Chowdhary in view of Kobayashi does not disclose:
wherein the output sound information is image information indicative of a spectrogram or frequency response of the sound collected by the sound collector.
Boudreau discloses:
wherein the output sound information is image information indicative of a spectrogram or frequency response of the sound collected by the sound collector ([0073] time-transient spectrogram image in a single image results in high value data to the image classification algorithm. The tonal and time-transient spectrogram image provides a fingerprint of the dominant features of a sound event, [A spectrogram of transient, i.e. non-steady, sound events for classification indicates the spectrogram to be image information indicative of sound information collected]).
Chowdhary, Kobayashi, and Boudreau are considered analogous art within transient sound event recognition/classification. Therefore, it would have been obvious to one of ordinary skill in the art before the effective filing date of the claimed invention to have modified the teachings of Chowdhary in view of Kobayashi to incorporate the teachings of Boudreau, because of the novel way to remove background noise from sound events shown on spectrogram images, enhancing the contrast of sound events within these spectrograms (Boudreau, [0007]).
Claim(s) 3-6 is/are rejected under 35 U.S.C. 103 as being unpatentable over Chowdhary in view of Kobayashi, further in view of Trent, Jr. (US-20210272560-A1), hereinafter Trent, further in view of Biswas (US-20180358028-A1), hereinafter Biswas.

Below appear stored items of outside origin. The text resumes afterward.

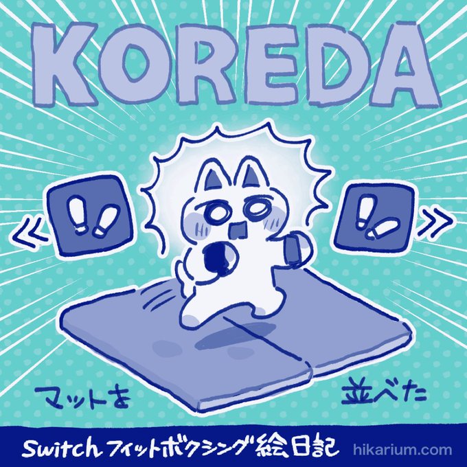 【 #フィットボクシング絵日記 】 19日目。左右ステップが加わる。 「前後に加えて左右に動いたらマットから足はみ出すやん!」と思ったけど、こないだ半分に切ったマットが上手くハマった。 これだ!縦横無尽に動ける!! #FitBoxing2 #フィットボクシング
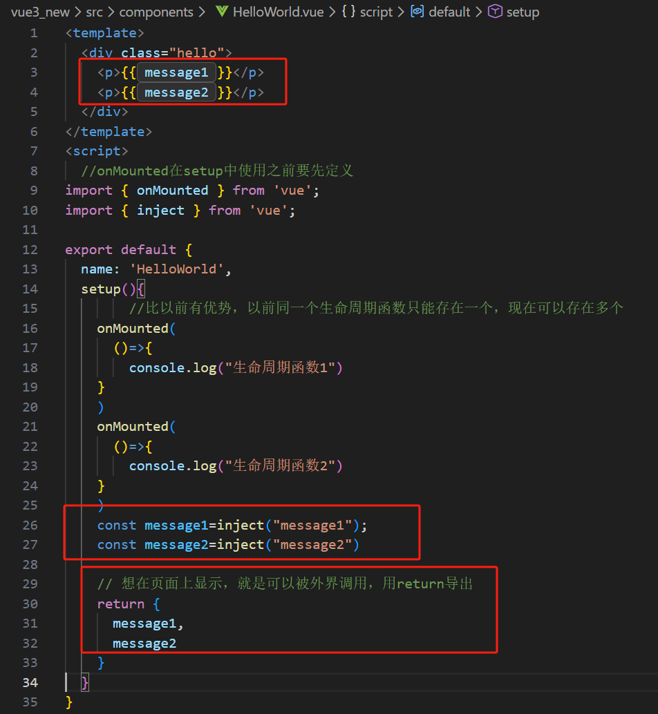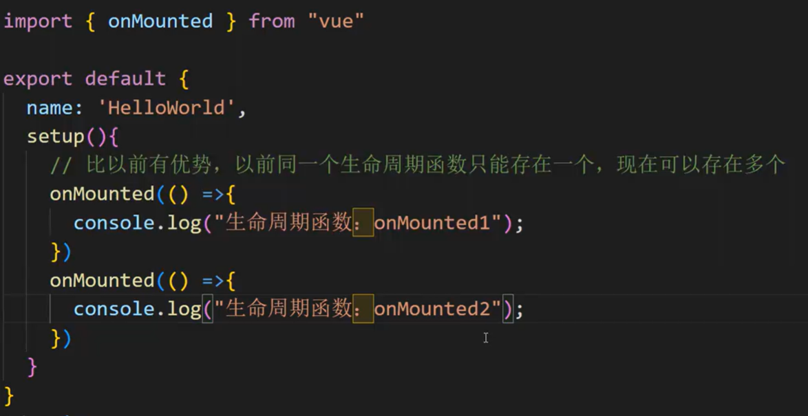 之前mounted函数在一个组件中只能放一个mounted(){},现在放在setup中可以放多个同样的生命周期函数,不同业务可以放在不同函数里,使业务更清晰
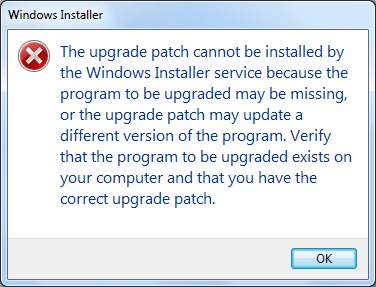 If you are getting the error message “The upgrade patch cannot be installed the Windows Installer service because the program to be upgraded may be missing, or the upgrade patch may update a different version of the program. Verify that the program to be upgraded exists  on your computer and that you have correct upgrade patch.” you most probably are attempting to install a product update without having the full product installed prior to applying the update.
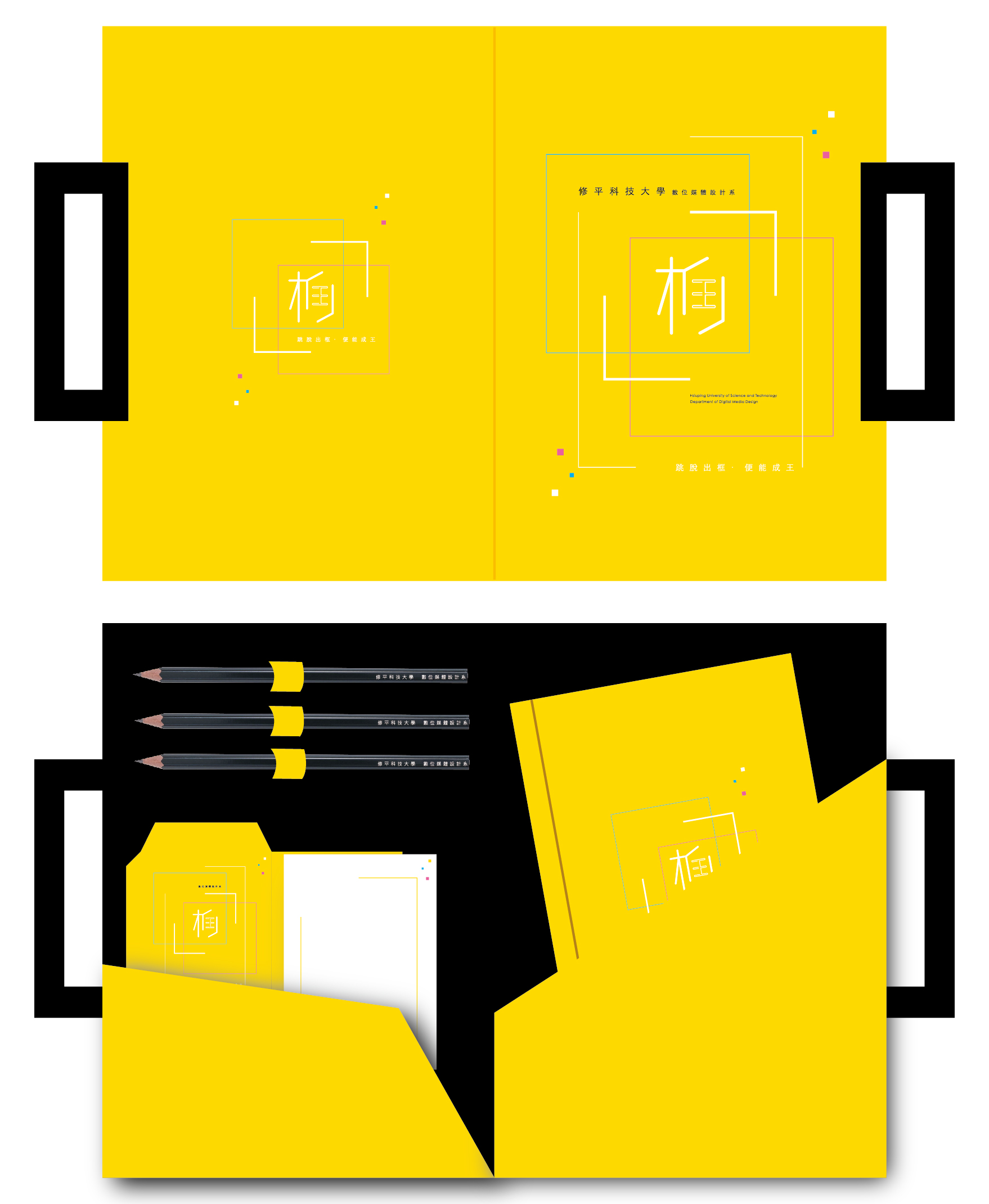 這個社會中充滿了各種的限制,因種種規則而束縛了無疆的思考、因外在眼光而只能循規蹈矩,因自己害怕不同而停滯不前。即將成為設計師的我們,期望跳脫一個又一個畫地自限的牆,脫離自己給自己的框,成為跨出"框"字的王,在我們的將來綻放無限的光彩。

Regarding claim 3, Chowdhary in view of Kobayashi discloses: the information processing system according to claim 1.
Chowdhary in view of Kobayashi does not disclose:
wherein the first processor extracts, from the sound information estimated to indicate the non-steady sound, sound information in a first frequency band having a highest sound pressure level, and
converts the extracted sound information in the first frequency band to sound information in a second frequency band lower than the first frequency band, the converted sound information in the second frequency band being generated as the output sound information.
Trent discloses:
wherein the first processor extracts ([In view of the previously disclosed first estimator of Chowdhary]), from the sound information estimated to indicate the non-steady sound ([In view of the previously disclosed non-steady state determination of Chowdhary]), sound information in a first frequency band having a highest sound pressure level ([0035] Subaudible tones may refer to any tones that may be at a frequency or amplitude (e.g., sound level), [0054] In some implementations, the subaudible tones may be infrasonic tones in a low frequency range (e.g., between 25-250 Hz), ultrasonic tones in a high frequency range (e.g., between 14-20 KHz), such as between 14-20 KHz, , or at a sound level between 10-25 dB [Defining two ranges for subaudible tones indicates two frequency bands, wherein one, i.e. the first, is representing an ultrasonic frequency which will inherently have a higher sound pressure than the low frequency band as Trent defines sound pressure, i.e. level, to be directly related to frequency. In view of Applicant defining “an ultrasonic band that has a highest sound pressure level” (see [0026]) indicating the ultrasonic tones of Trent satisfy this element]).
Chowdhary, Kobayashi, and Trent are considered analogous art within speech classification. Therefore, it would have been obvious to one of ordinary skill in the art before the effective filing date of the claimed invention to have modified the teachings of Chowdhary in view of Kobayashi to incorporate the teachings of Trent, because of the novel way to detect if hardware has been compromised and/or a digital recording has been used to circumvent voice verification through subaudible tone analysis, improving speaker verification techniques (Trent, [0003]).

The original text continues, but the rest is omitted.